→ Assignment
Please repeat only the lines below starting at the line that holds "End the rule" and ending at the line that holds "Porte per interni", exactly, with both of those lines included and every picture omitted.

→ Material for this exercise
Start of Block

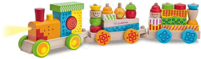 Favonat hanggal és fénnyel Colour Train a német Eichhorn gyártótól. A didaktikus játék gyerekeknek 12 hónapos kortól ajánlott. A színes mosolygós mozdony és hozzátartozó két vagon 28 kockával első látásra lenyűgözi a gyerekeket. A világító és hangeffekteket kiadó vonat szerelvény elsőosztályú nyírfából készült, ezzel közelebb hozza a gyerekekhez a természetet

End of Block
Start of Block

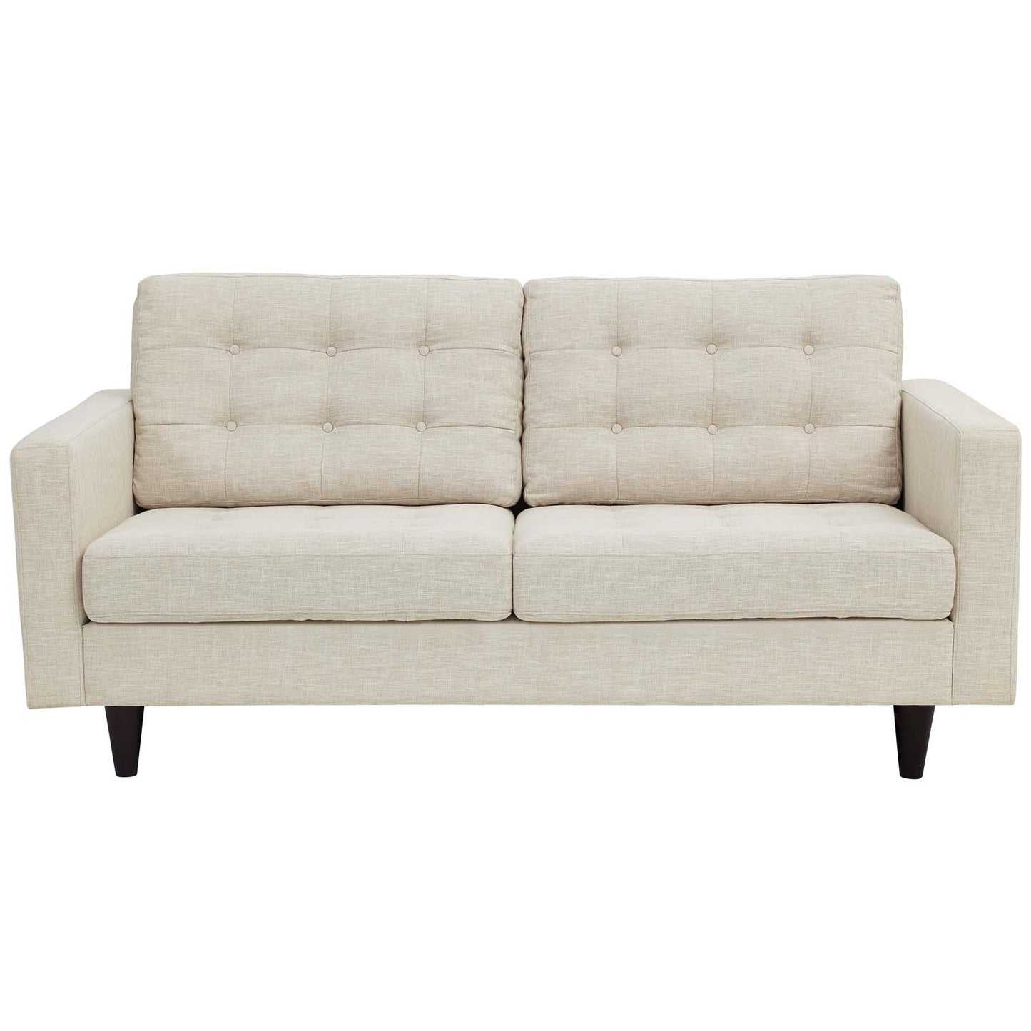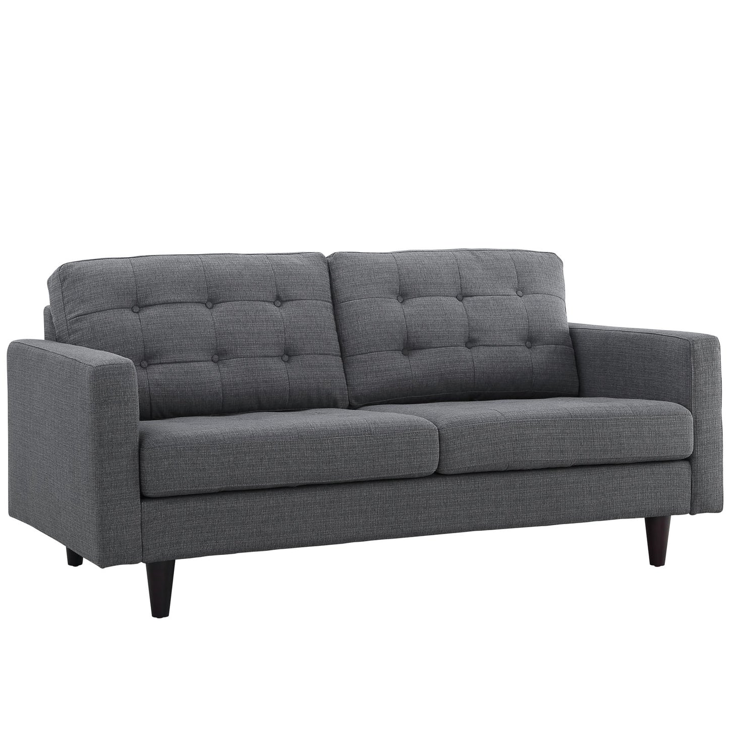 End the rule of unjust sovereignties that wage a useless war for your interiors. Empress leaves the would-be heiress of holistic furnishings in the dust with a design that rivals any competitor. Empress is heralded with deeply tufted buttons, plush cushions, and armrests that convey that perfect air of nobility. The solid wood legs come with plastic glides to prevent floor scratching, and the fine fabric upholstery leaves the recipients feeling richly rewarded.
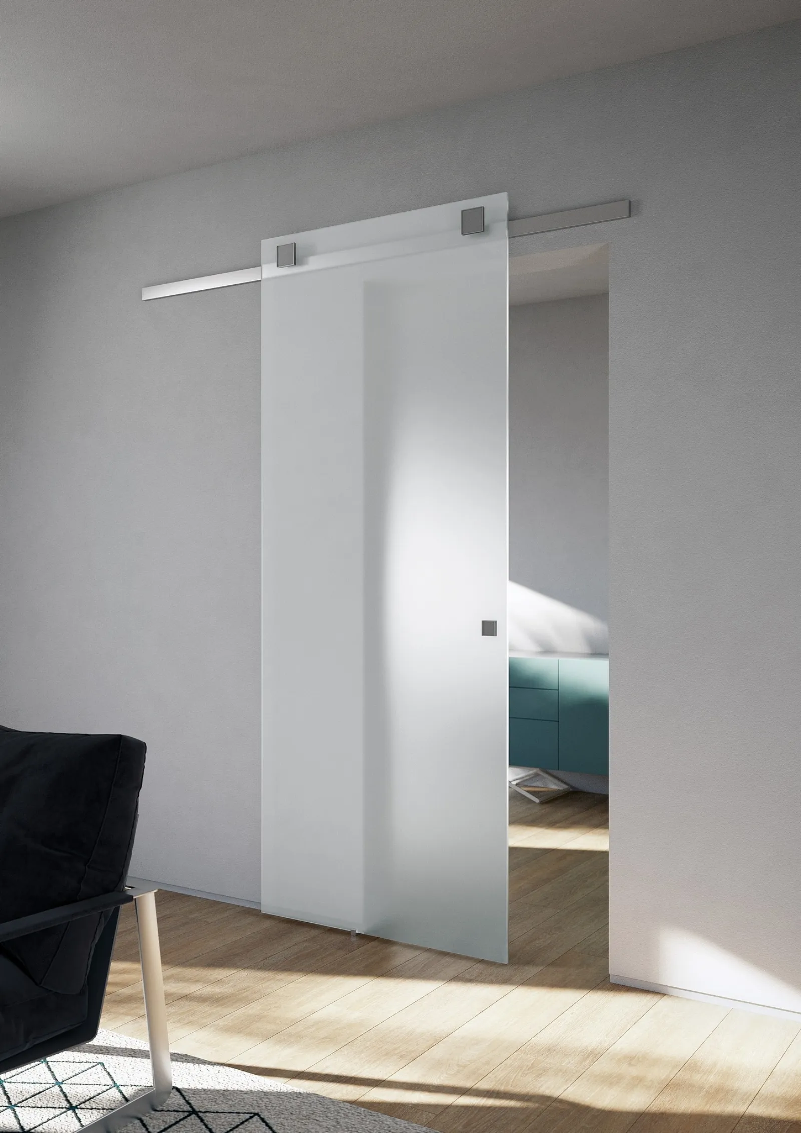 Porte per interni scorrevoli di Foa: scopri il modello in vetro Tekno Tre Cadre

End of Block

→ Expected output
 End the rule of unjust sovereignties that wage a useless war for your interiors. Empress leaves the would-be heiress of holistic furnishings in the dust with a design that rivals any competitor. Empress is heralded with deeply tufted buttons, plush cushions, and armrests that convey that perfect air of nobility. The solid wood legs come with plastic glides to prevent floor scratching, and the fine fabric upholstery leaves the recipients feeling richly rewarded.
 Porte per interni scorrevoli di Foa: scopri il modello in vetro Tekno Tre Cadre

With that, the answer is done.